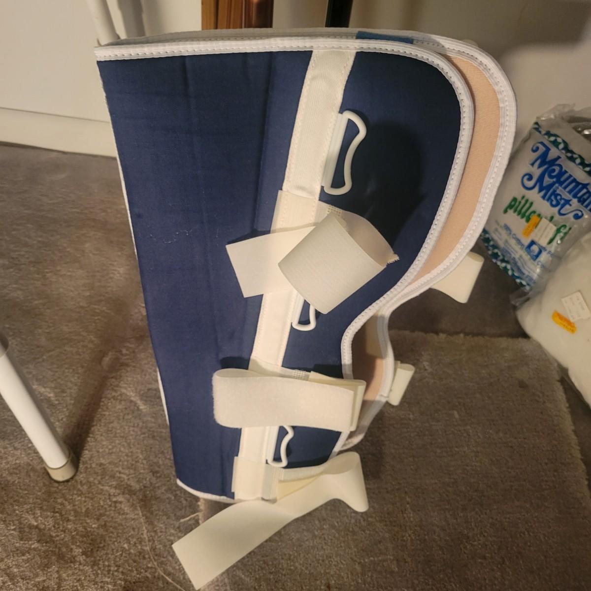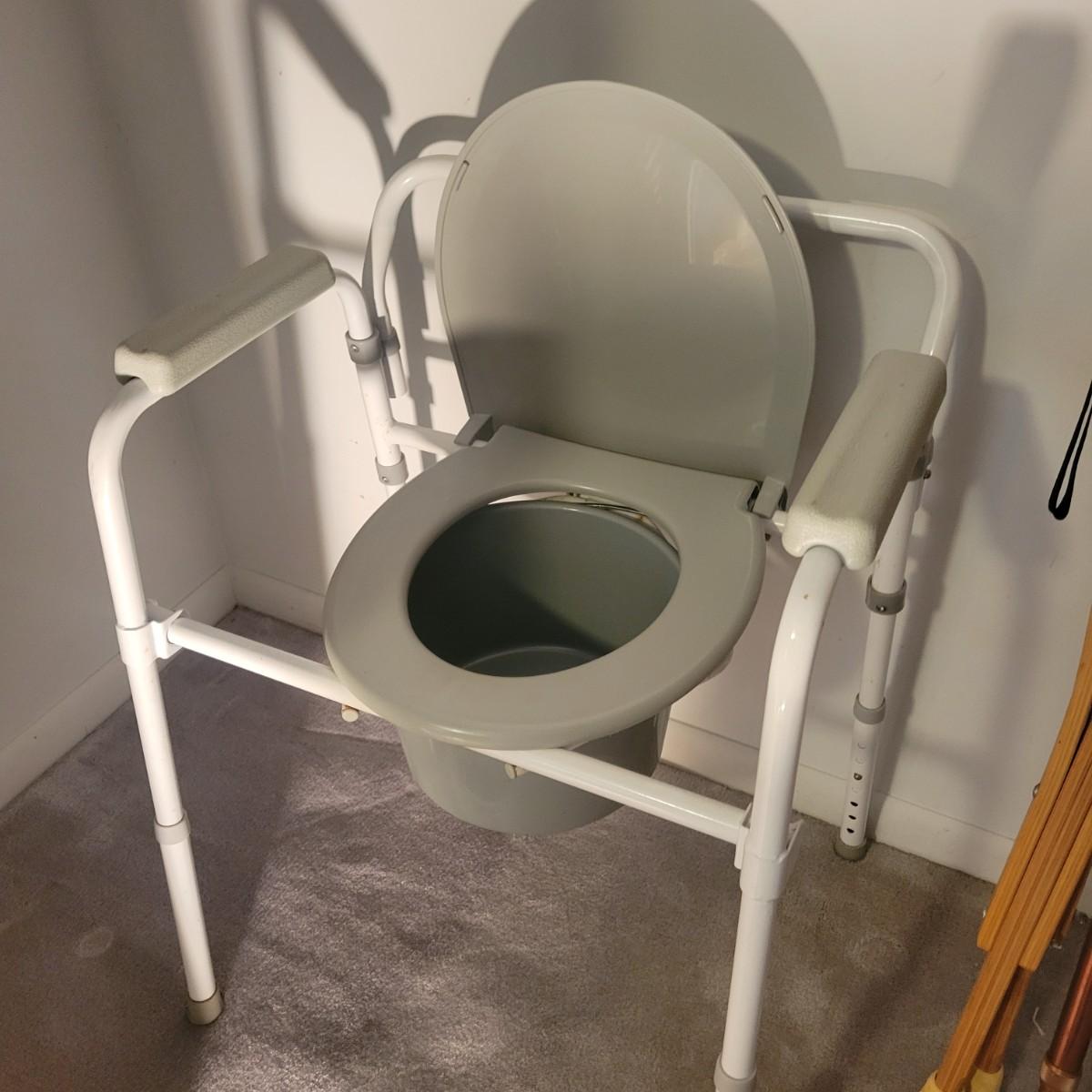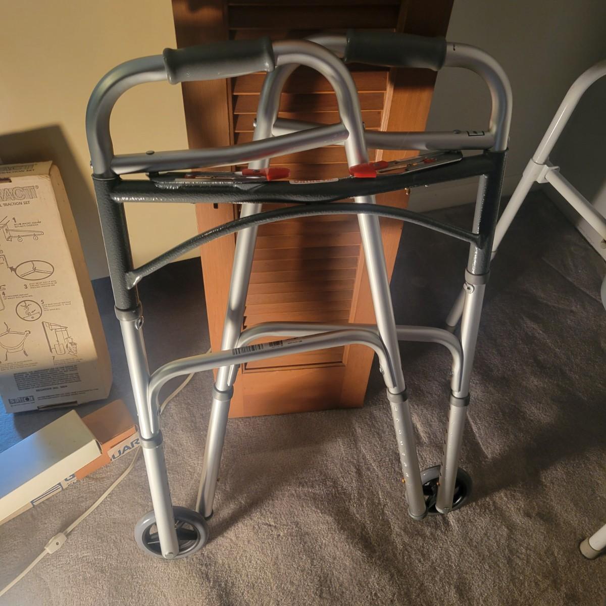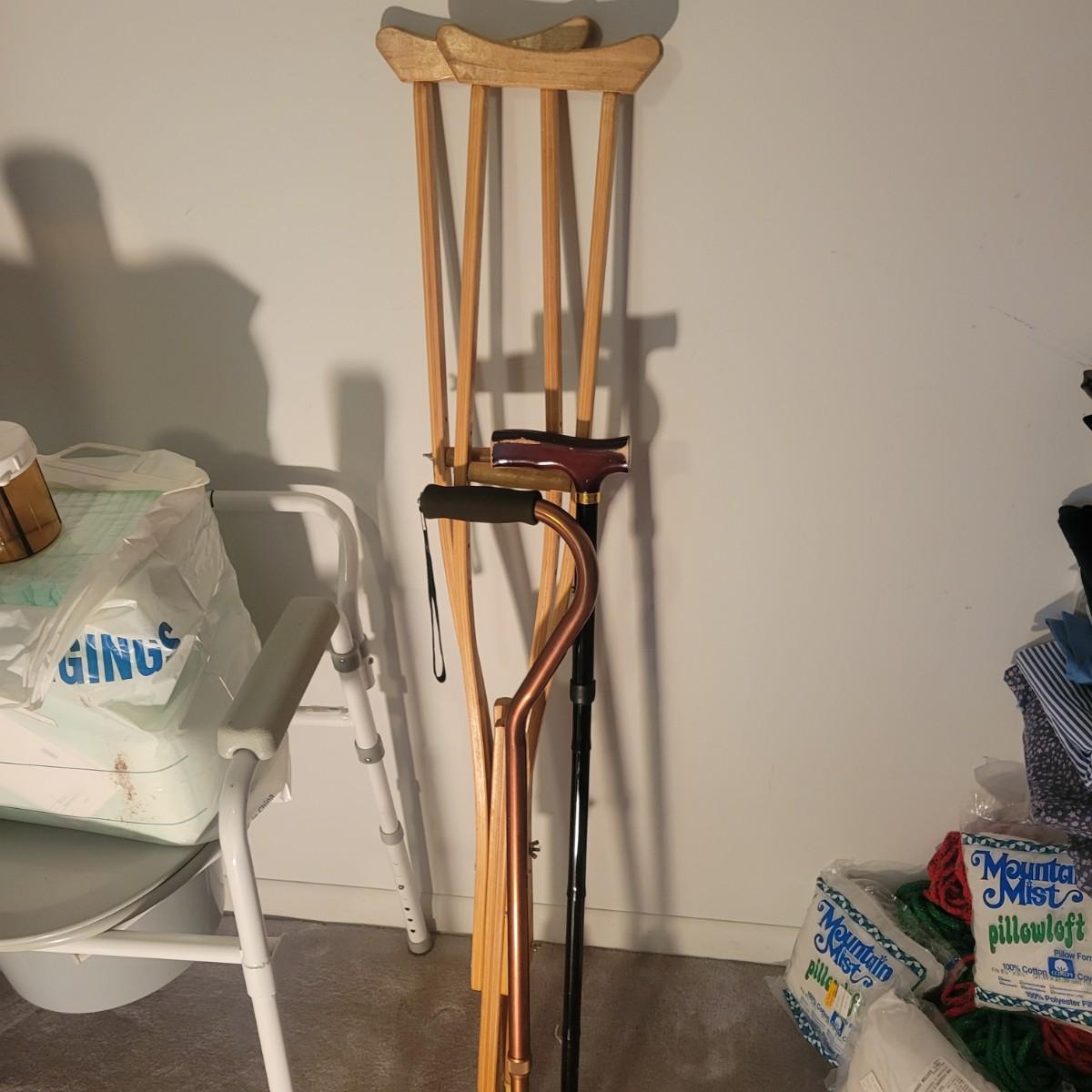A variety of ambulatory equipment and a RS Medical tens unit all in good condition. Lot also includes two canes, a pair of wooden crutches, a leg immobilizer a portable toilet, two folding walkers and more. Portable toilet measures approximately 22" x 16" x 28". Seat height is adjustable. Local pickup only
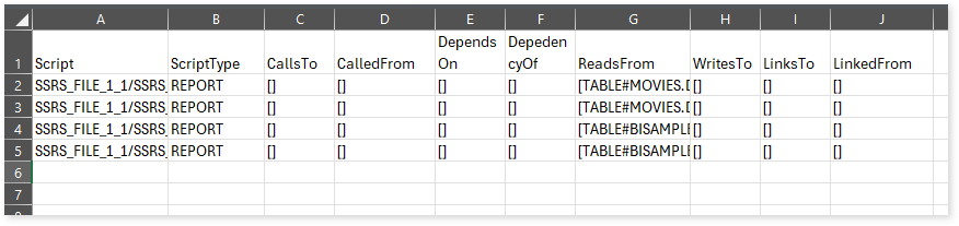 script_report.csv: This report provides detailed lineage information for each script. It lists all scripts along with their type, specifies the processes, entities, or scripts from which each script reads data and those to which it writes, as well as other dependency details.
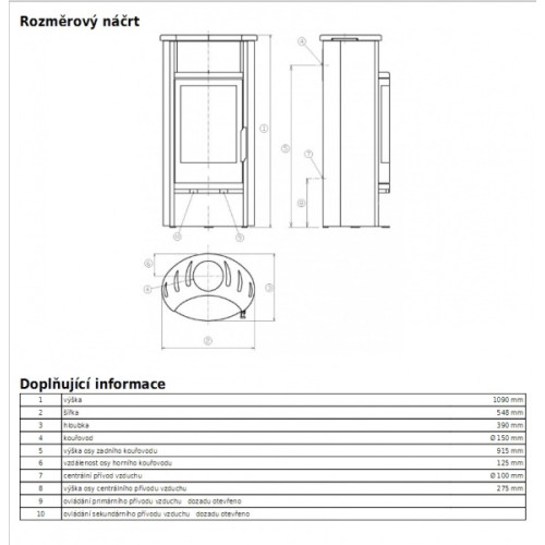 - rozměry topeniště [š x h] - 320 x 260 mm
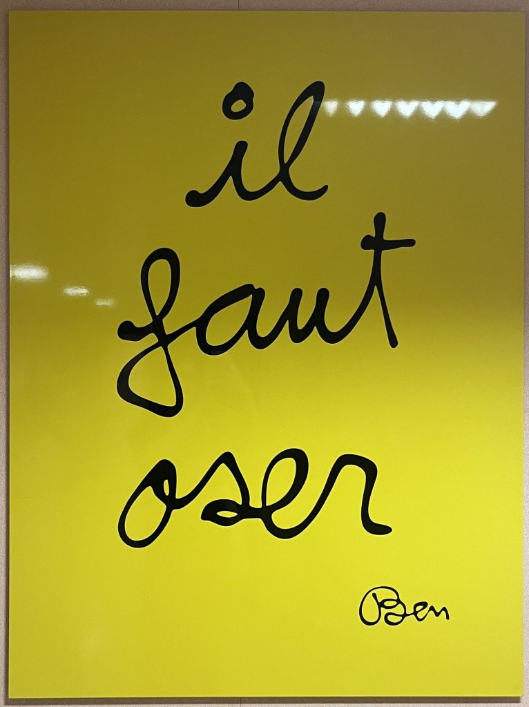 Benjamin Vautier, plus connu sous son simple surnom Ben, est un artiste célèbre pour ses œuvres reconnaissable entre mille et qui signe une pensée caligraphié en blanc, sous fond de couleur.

━━━━━━

Exercise description
Exclude the pictures and give back the rest of the data above exactly as written.

Completed task
A variety of ambulatory equipment and a RS Medical tens unit all in good condition. Lot also includes two canes, a pair of wooden crutches, a leg immobilizer a portable toilet, two folding walkers and more. Portable toilet measures approximately 22" x 16" x 28". Seat height is adjustable. Local pickup only
 script_report.csv: This report provides detailed lineage information for each script. It lists all scripts along with their type, specifies the processes, entities, or scripts from which each script reads data and those to which it writes, as well as other dependency details.
 - rozměry topeniště [š x h] - 320 x 260 mm
 Benjamin Vautier, plus connu sous son simple surnom Ben, est un artiste célèbre pour ses œuvres reconnaissable entre mille et qui signe une pensée caligraphié en blanc, sous fond de couleur.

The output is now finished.